Wednesday, 11 August 2010

Public protests will not help


via Khmer NZ

Published: 10/08/2010

It is easy to understand why Prime Minister Abhisit Vejjajiva is leaning over backwards so far to try to stress agreement with the noisy protesters making an uproar around the issue of the Preah Vihear temple. On the positive side, the premier succeeded in tamping down the threat of yet another street protest and security confrontation by the self-described Thai Patriots Network. He gained some goodwill by going to last Saturday's indoor rally, and he made a couple of points about the temple issue in a televised discussion on Sunday morning. But Mr Abhisit is on the edge of lowering himself to the level of the so-called patriots. He should now cease pandering to this arm of the People's Alliance for Democracy (PAD).



The issue of the Preah Vihear temple and the disputed border - especially the disputed border - needs careful government attention. The attempt by the PAD and some of its members to take the issue to the streets is wrong-headed and ultimately harmful. Bangkokians who answered a Suan Dusit Poll on the issue realise that. A majority of respondents disagreed with the public campaign, worried about the national image overseas, and feared that the old temple dispute would divert the government's attention from real national problems. An important minority of more than 35% want a government crackdown against the protesters.

This largely silent majority of Thais is right. The issue of the temple ownership was settled in 1962. The disputed border, in particular the issue of 4.5 square kilometres of land, will never be settled by public protest. Calm and prepared diplomatic action will place the Thai land fully in the hands of Thailand. The PAD succeeded in placing one of its strong supporters in the post of the nation's chief diplomat. They should let Foreign Minister Kasit Piromya attend to this matter.

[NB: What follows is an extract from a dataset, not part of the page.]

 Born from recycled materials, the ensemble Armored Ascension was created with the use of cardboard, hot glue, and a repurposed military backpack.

Ironically, the simmering issue of Preah Vihear temple also proves that it is past time to end the state of emergency in Bangkok and all provinces. The PAD and Thai Patriot leaders are wrong about the temple and the need for public protest. But they deserve the right to exercise free speech, which is guaranteed by the constitution but removed by the emergency law. The state of emergency forbidding any political gathering by more than five people, makes it impossible. The PAD has already broken the law once, by holding a demonstration in front of the offices of the UN cultural organisation. They did so without so much as a threat of prosecution or intervention by security forces.

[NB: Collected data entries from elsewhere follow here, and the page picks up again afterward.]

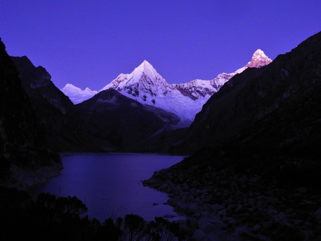 Nous passons une belle soirée à admirer la nuit étoilée s’installer dans cet incroyable bout du monde avec en toile de fond, l’Artesonraju, glacier si beau qu’il fut choisi comme logo du célèbre studio hollywoodien Paramount Pictures.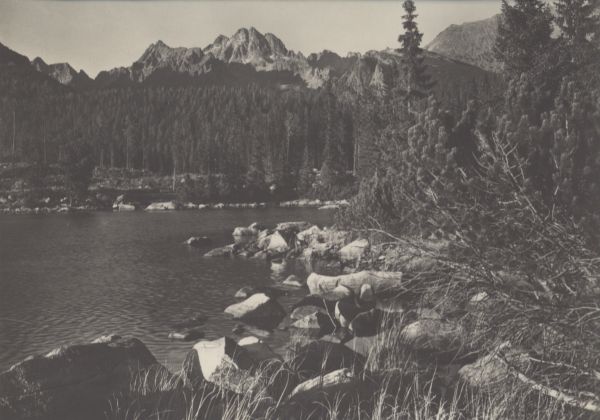 Widok na Wysoką znad Szczyrbskiego Jeziora. Na pierwszym planie brzeg jeziora z głazami w wodzie i kosodrzewiną (Pinus mugo Turra) na brzegu. W głębi las. W tle od lewej szczyty: Żabi Koń, Kopa Popradzka, Wysoka i Osterwa (z przodu po prawej stronie).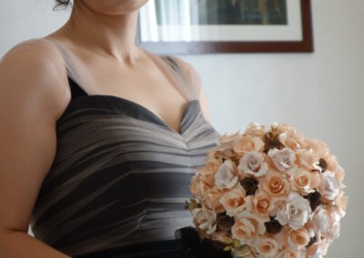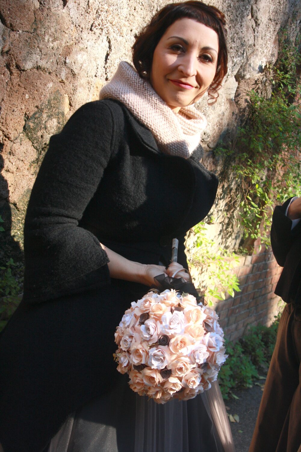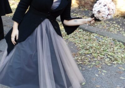Lavorare con Alessandra è stata un’esperienza incredibile, per molti versi era la sposa che stavo aspettando. Creativa, anticonformista, coraggiosa ma allo stesso tempo sinceramente disposta ad ascoltare consigli e soluzioni. E poi finalmente un abito da sposa a con il NERO come colore di base, anche se alleggerito da una delicata sovrapposizione di tulle rosa cipria. Chi mi conosce lo sa, andrei in giro vestita di nero tutti i giorni, quindi realizzare questo abito è stato per me un vero regalo al mio lato “dark”. Inoltre fortunatamente Alessandra è arrivata da me con una perfetta coscienza del proprio corpo, cosa che le ha permesso di elaborare da subito solo richieste adeguate alla sua figura, e che sono state il trampolino di lancio verso un modello finale perfettamente adatto a lei, nella forma come nell’ispirazione.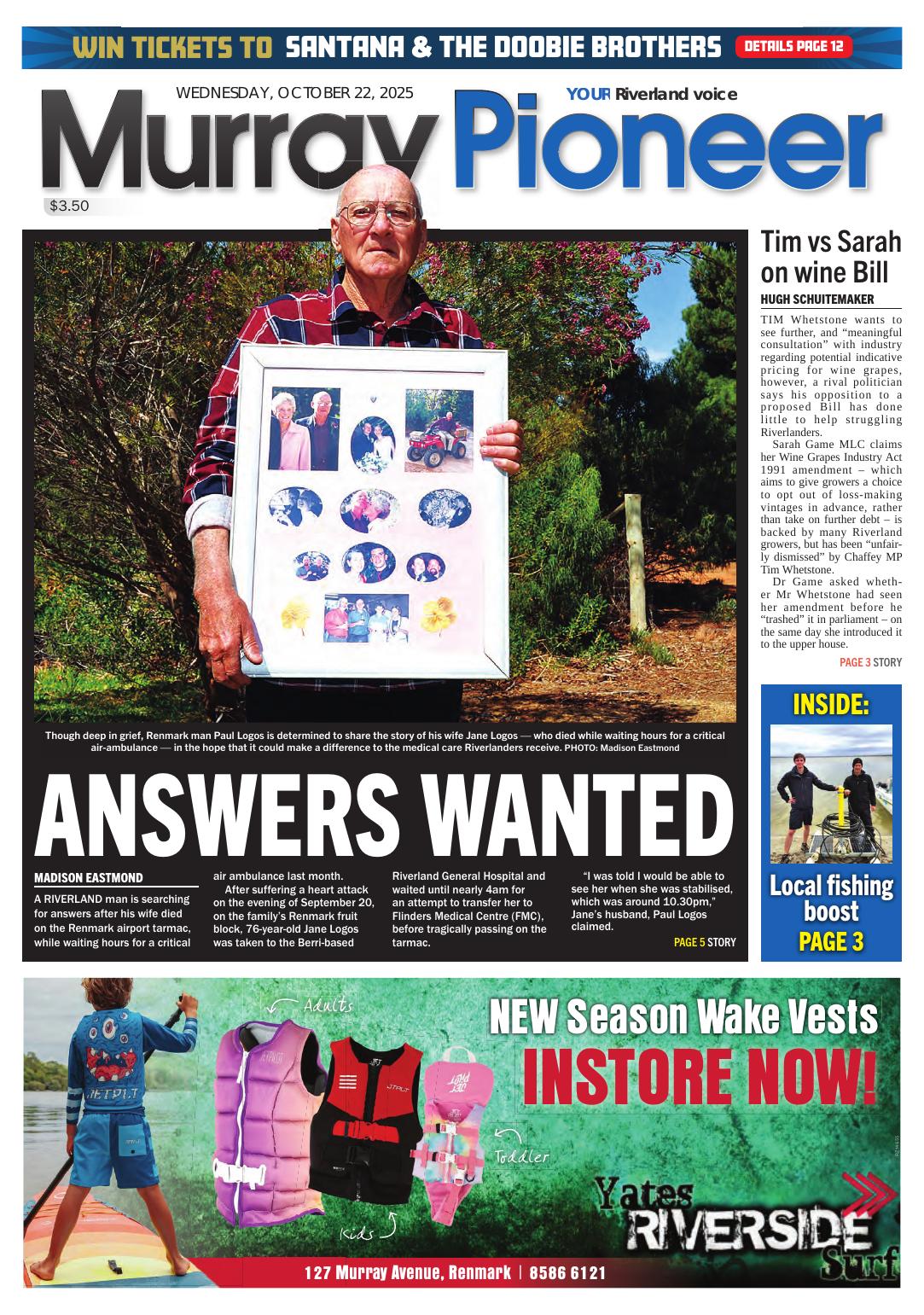 After suffering a heart attack on the evening of September 20, on the family’s Renmark fruit block, 76-year-old Jane Logos was taken to the Berri-based Riverland General Hospital and waited until nearly 4am for an attempt to transfer her to Flinders Medical Centre (FMC), before tragically passing on the tarmac.

By failing to enforce a provision which had earlier resulted in the detention of hundreds of other Thais, the government looked weak, divisive and hypocritical. The emergency law, contrary to the fatuous claim of the PAD, provides no exceptions for those who are more patriotic, or whose issues are more important than anyone else's. Instead of negotiating and seeming to ask for favours from the PAD, the premier can take the easiest way out of all to prevent illegal demonstrations and possibly bloody street battles with security forces: Make protests legal again by lifting the state of emergency.

Before he felt forced into negotiating with the PAD protesters, Mr Abhisit had announced a plan to handle the disagreement with Cambodia centring on the border dispute. He correctly stated that border demarcation is directly tied to the specific problem over management of temple grounds and land claimed by both countries. The prime minister should disengage from the PAD, proceed with his one-year road map about the temple region, and get back to serious national issues like the economy and the lack of freedoms due to the state of emergency.